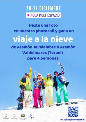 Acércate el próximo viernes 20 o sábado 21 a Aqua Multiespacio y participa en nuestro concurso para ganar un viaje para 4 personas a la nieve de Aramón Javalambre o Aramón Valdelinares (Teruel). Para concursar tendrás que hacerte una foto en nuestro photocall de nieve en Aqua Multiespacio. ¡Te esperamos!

--

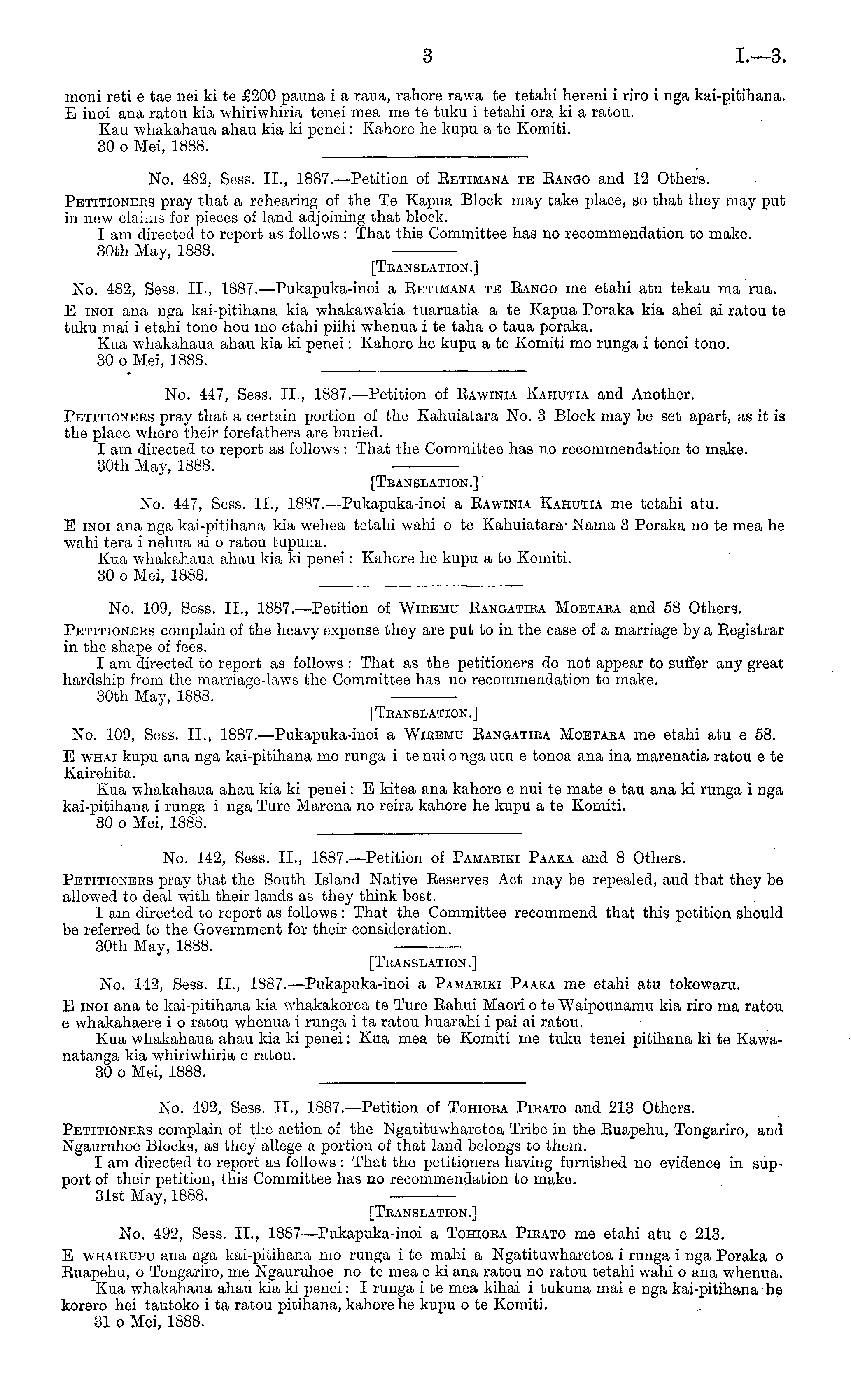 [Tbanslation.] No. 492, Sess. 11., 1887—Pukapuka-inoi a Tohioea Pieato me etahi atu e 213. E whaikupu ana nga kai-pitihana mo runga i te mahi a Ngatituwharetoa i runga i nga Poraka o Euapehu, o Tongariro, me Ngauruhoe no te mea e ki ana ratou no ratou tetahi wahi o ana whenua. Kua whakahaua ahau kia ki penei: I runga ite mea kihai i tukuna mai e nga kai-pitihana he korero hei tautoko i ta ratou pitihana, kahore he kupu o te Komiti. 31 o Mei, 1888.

* * *

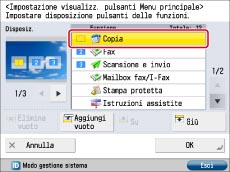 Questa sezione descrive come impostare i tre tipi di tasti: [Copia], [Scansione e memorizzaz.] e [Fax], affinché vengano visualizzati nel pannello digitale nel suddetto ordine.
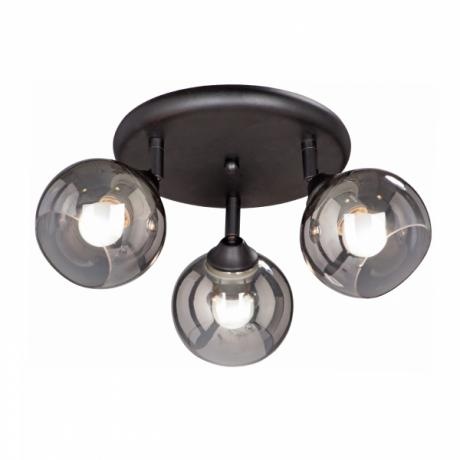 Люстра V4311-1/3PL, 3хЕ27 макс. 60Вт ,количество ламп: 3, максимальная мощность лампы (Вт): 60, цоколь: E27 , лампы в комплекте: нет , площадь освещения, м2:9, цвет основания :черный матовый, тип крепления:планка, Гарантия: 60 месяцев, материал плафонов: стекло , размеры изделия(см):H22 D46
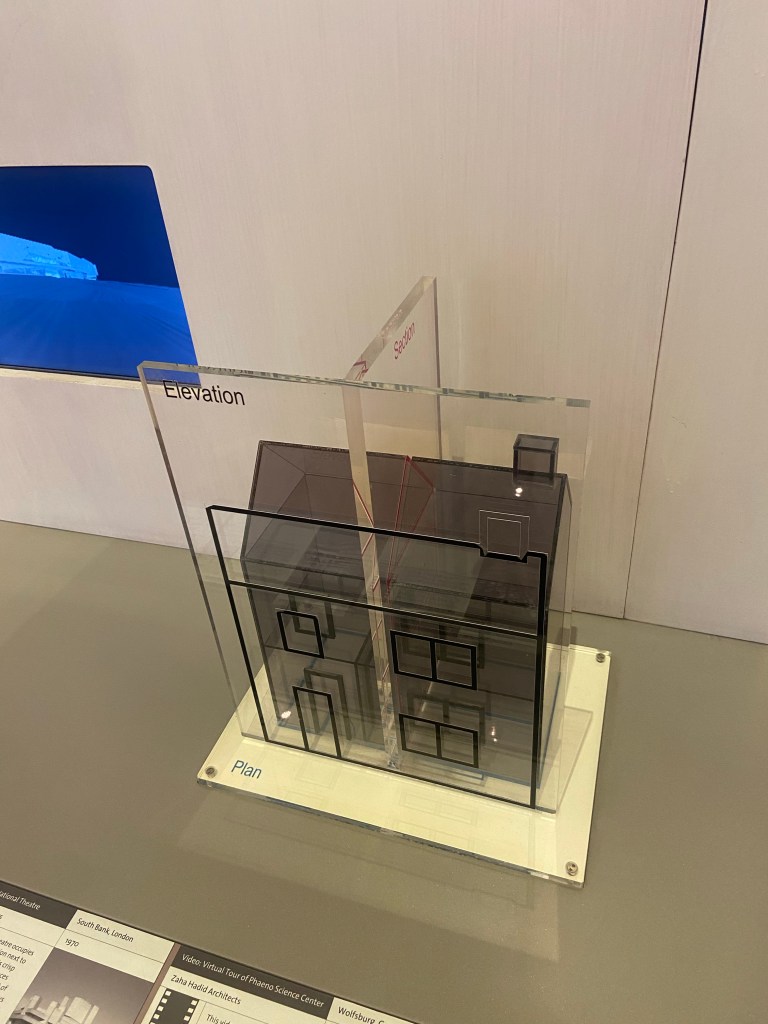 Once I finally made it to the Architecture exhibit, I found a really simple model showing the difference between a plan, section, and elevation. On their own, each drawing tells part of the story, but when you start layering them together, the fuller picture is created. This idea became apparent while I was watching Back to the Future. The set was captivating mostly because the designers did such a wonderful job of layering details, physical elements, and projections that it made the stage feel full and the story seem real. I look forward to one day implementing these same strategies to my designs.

**What you will do:** In the material above, which lines fall between the one holding "Люстра V4311-1/3PL, 3хЕ27" and the one holding "Once I finally", inclusive? Print exactly those, with the pictures left out.

**Your response:**
 Люстра V4311-1/3PL, 3хЕ27 макс. 60Вт ,количество ламп: 3, максимальная мощность лампы (Вт): 60, цоколь: E27 , лампы в комплекте: нет , площадь освещения, м2:9, цвет основания :черный матовый, тип крепления:планка, Гарантия: 60 месяцев, материал плафонов: стекло , размеры изделия(см):H22 D46
 Once I finally made it to the Architecture exhibit, I found a really simple model showing the difference between a plan, section, and elevation. On their own, each drawing tells part of the story, but when you start layering them together, the fuller picture is created. This idea became apparent while I was watching Back to the Future. The set was captivating mostly because the designers did such a wonderful job of layering details, physical elements, and projections that it made the stage feel full and the story seem real. I look forward to one day implementing these same strategies to my designs.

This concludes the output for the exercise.